§ **Problem to solve**
Only the lines from the one containing "بلوز چهارخونه ترکیبی" to the end of the data below belong in the answer, each repeated exactly; no pictures.

**** Available data ****

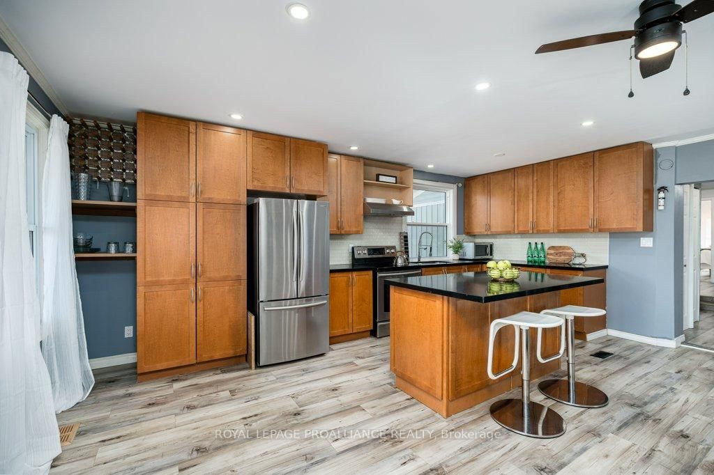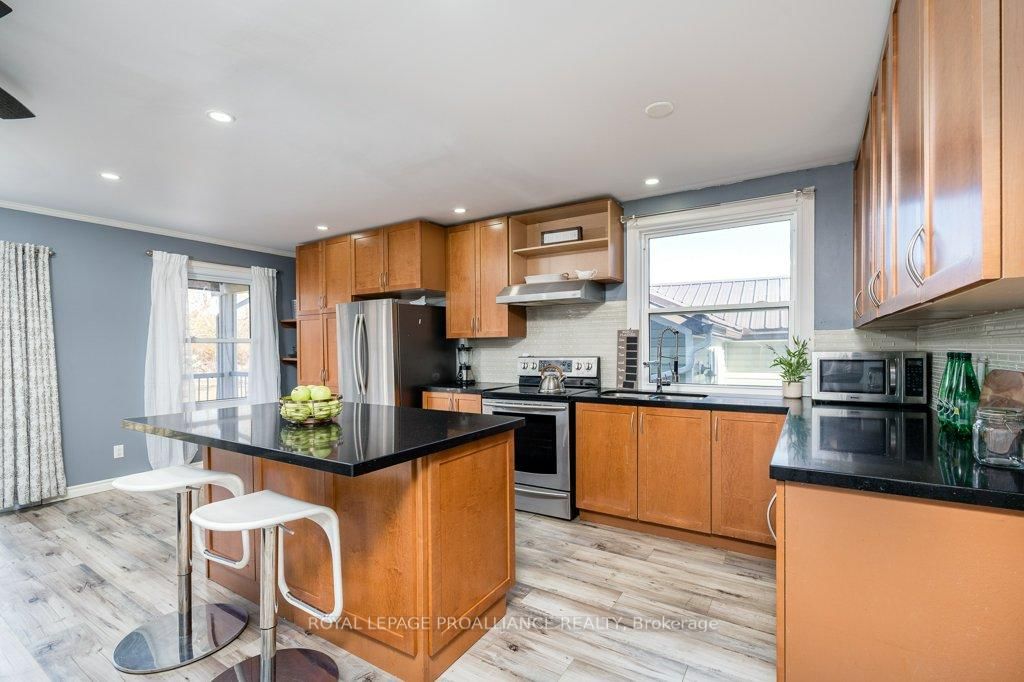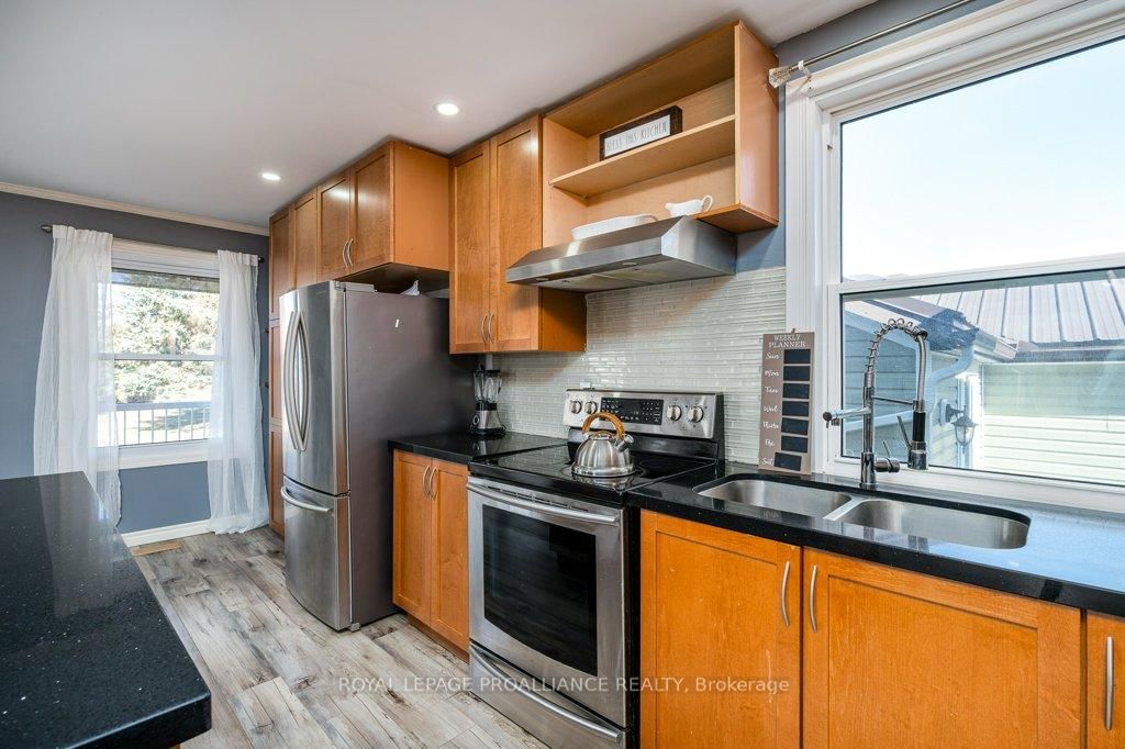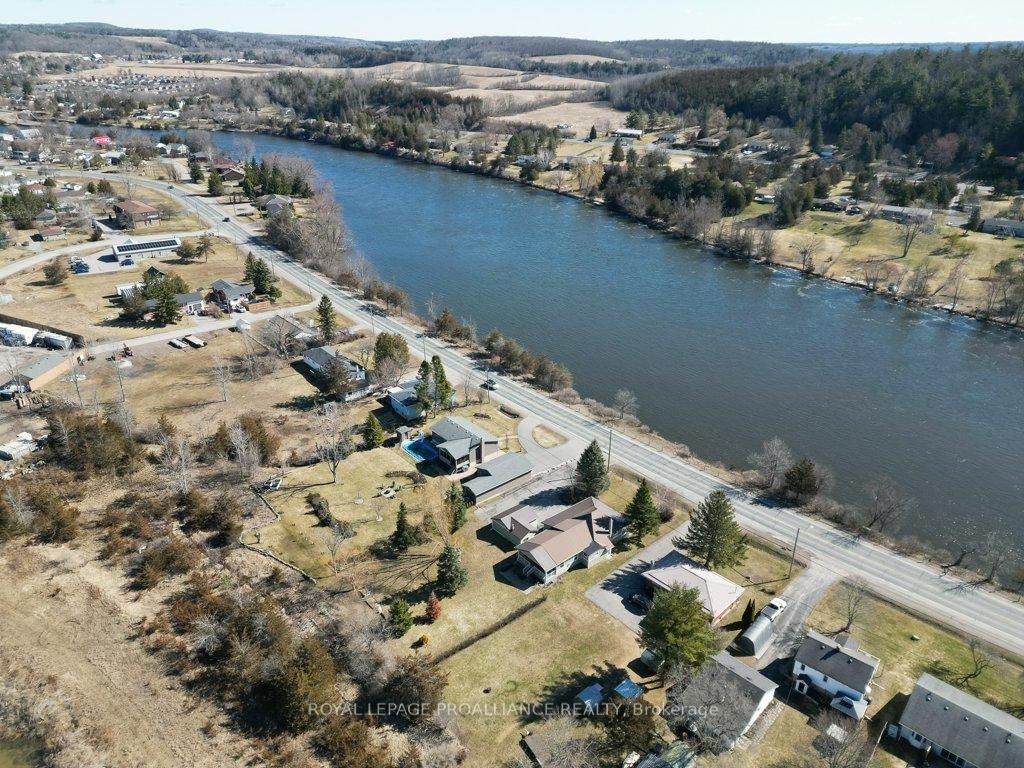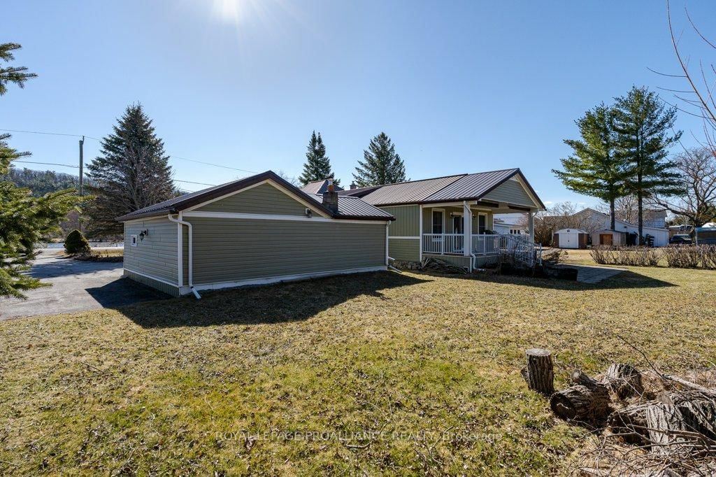 Check out these views! This beautiful bungalow is located just south of Frankford situated across from the Trent River boasting beautiful water views right from your front porch! This unique property is situated on just under half an acre (0. The Bungalow on 262 South Trent Street has 3 bedrooms, 2 bathrooms, and is located on a 210.47 x 89.8 ft lot in the community of Frankford Ward .44 acres) while offering municipal water and sewer. The interior is updated with newer tile & laminate flooring, forced air gas furnace (approx 2010), gas fireplace & central air. Enjoy a stunning open kitchen/living area with gas fireplace, maple cabinets to the ceiling, granite counters/island with seating. The patio door off the kitchen/living area showcases the rear covered deck where you can enjoy the oversized lot and backyard oasis. Primary Bedroom has sliding patio door overlooking the water & access to covered front porch. This beautiful bungalow also offers two other spacious bedrooms and a bonus room would make a great home office setup. Main bathroom is 3 piece; shower, tiled floor & laundry. Ensuite bathroom has sink & tub/shower. Other features include: crown moulding, marble floors in foyer and a virtually maintenance free metal roof on both home and garage. A handyman dream with a detached 1.5 car garage for all of your tinkering/workshop desires. Amply parking spaces available in the large driveway.
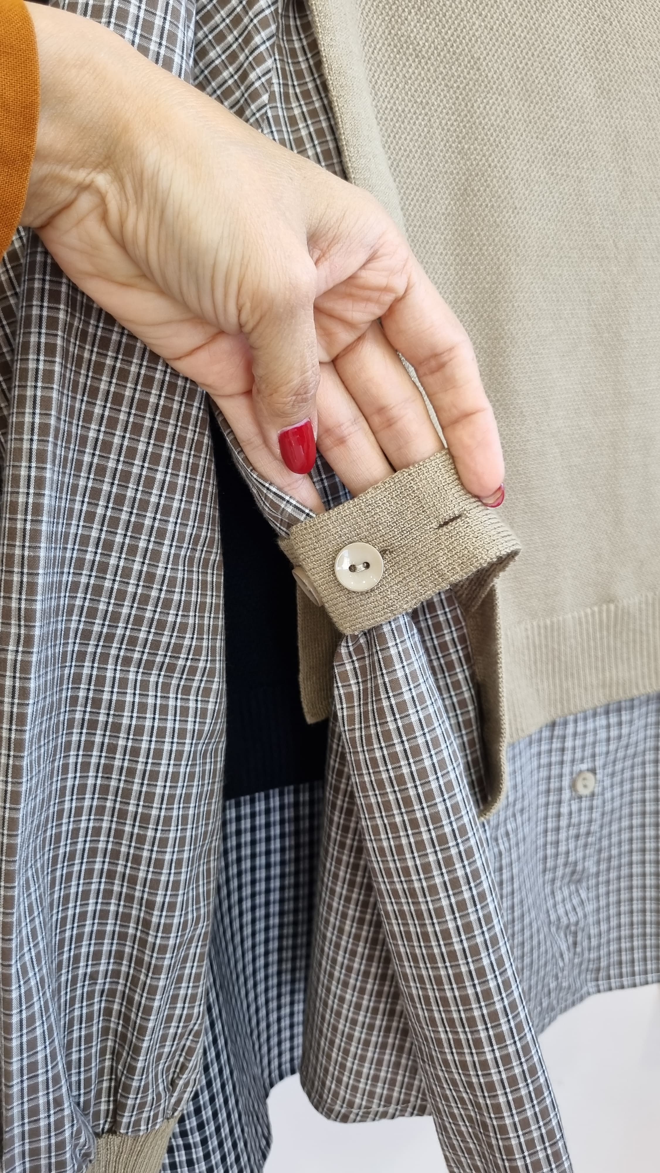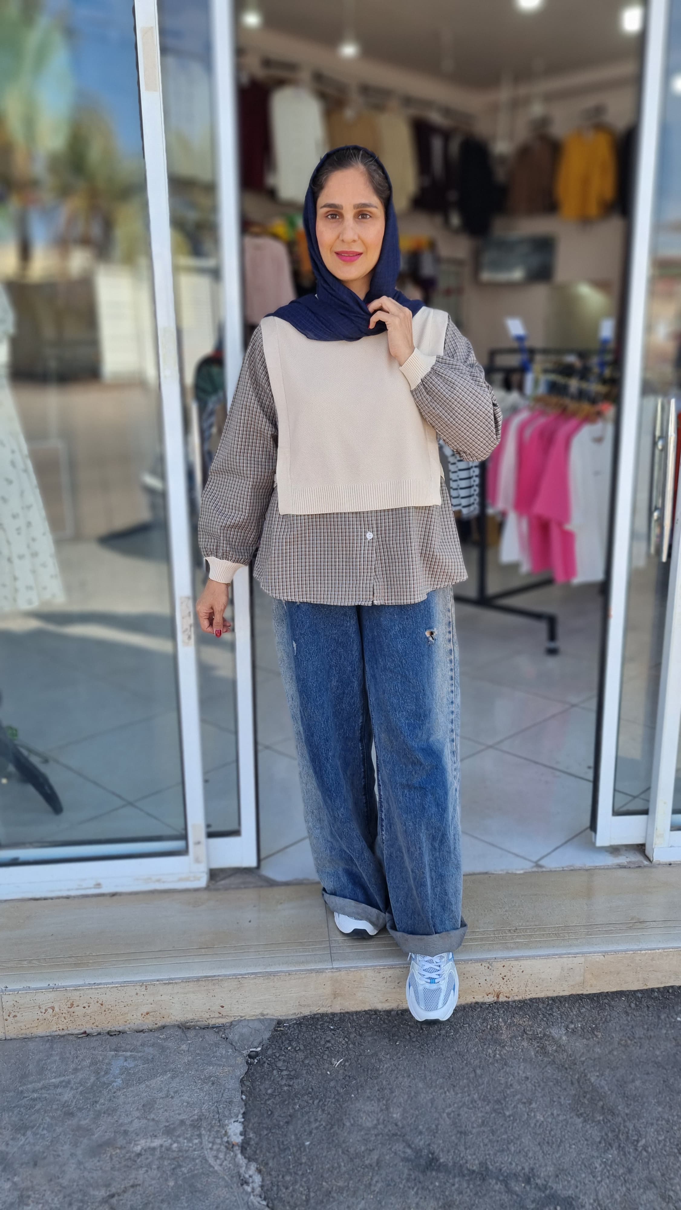 بلوز چهارخونه ترکیبی بافت بافت ظریف ، وست و آستین ها از جنس بافت ظریف ، پارچه چهارخونه از جنس لینن ، کار وارداتی ، وست از پهلو ها دکمه داره و قابل تنظیم، فری سایز و تا ۴۶ مناسبه ، دکمه آخر بلوز باز میشه ، حتما قبل از ثبت سفارش جدول سایزبندی رو چک کنید
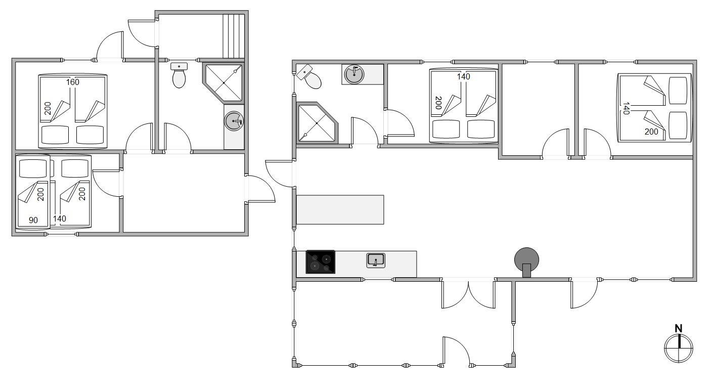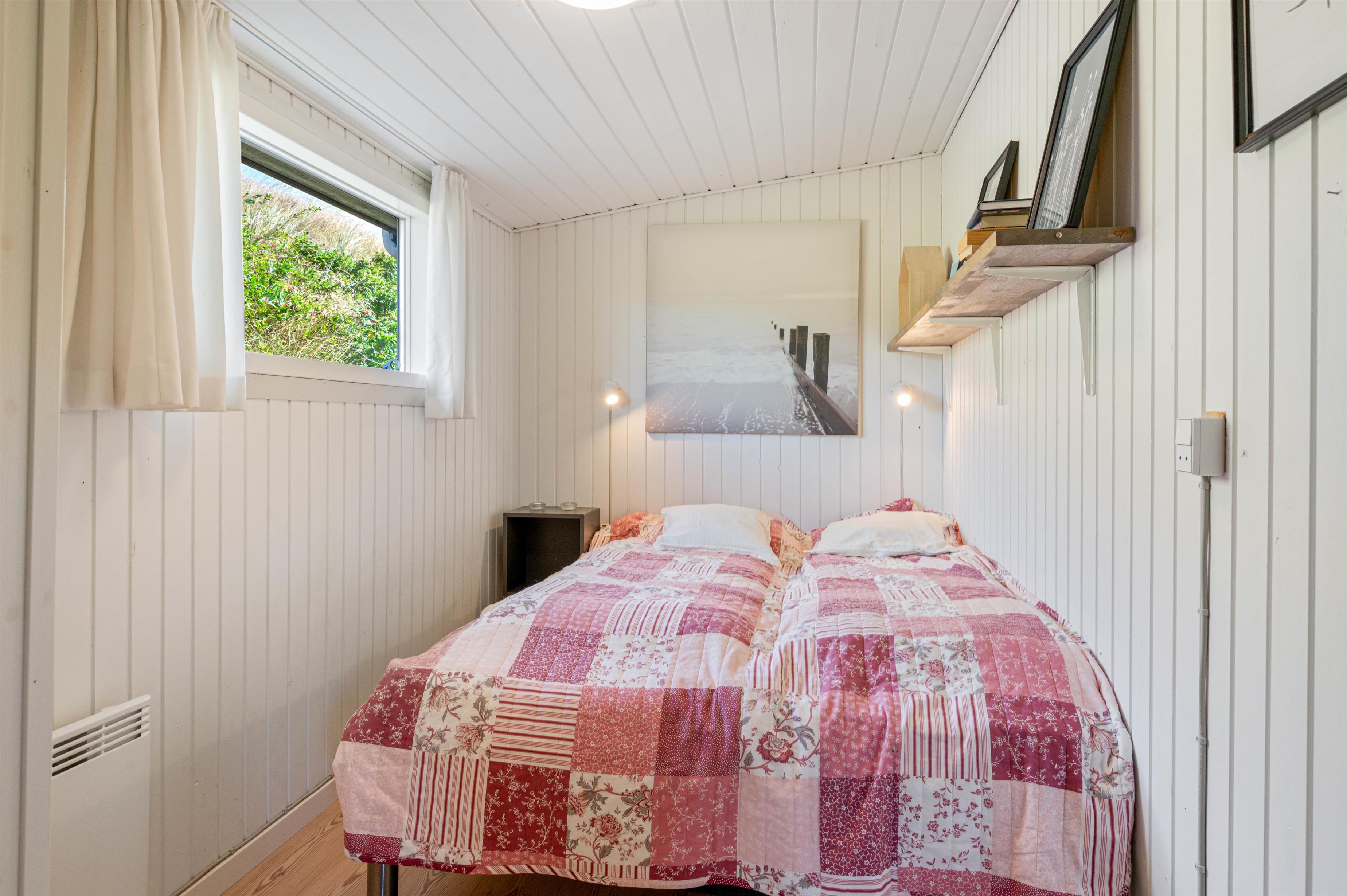 Sovepladserne er fordelt i 4 soverum med hver en dobbeltseng – 2 soveværelser i hovedhuset og 2 soveværelser i annexet. Der findes også badeværelse med gulvvarme, både i annexet og i hovedhuset.

****

§ **Worked solution**
 بلوز چهارخونه ترکیبی بافت بافت ظریف ، وست و آستین ها از جنس بافت ظریف ، پارچه چهارخونه از جنس لینن ، کار وارداتی ، وست از پهلو ها دکمه داره و قابل تنظیم، فری سایز و تا ۴۶ مناسبه ، دکمه آخر بلوز باز میشه ، حتما قبل از ثبت سفارش جدول سایزبندی رو چک کنید
 Sovepladserne er fordelt i 4 soverum med hver en dobbeltseng – 2 soveværelser i hovedhuset og 2 soveværelser i annexet. Der findes også badeværelse med gulvvarme, både i annexet og i hovedhuset.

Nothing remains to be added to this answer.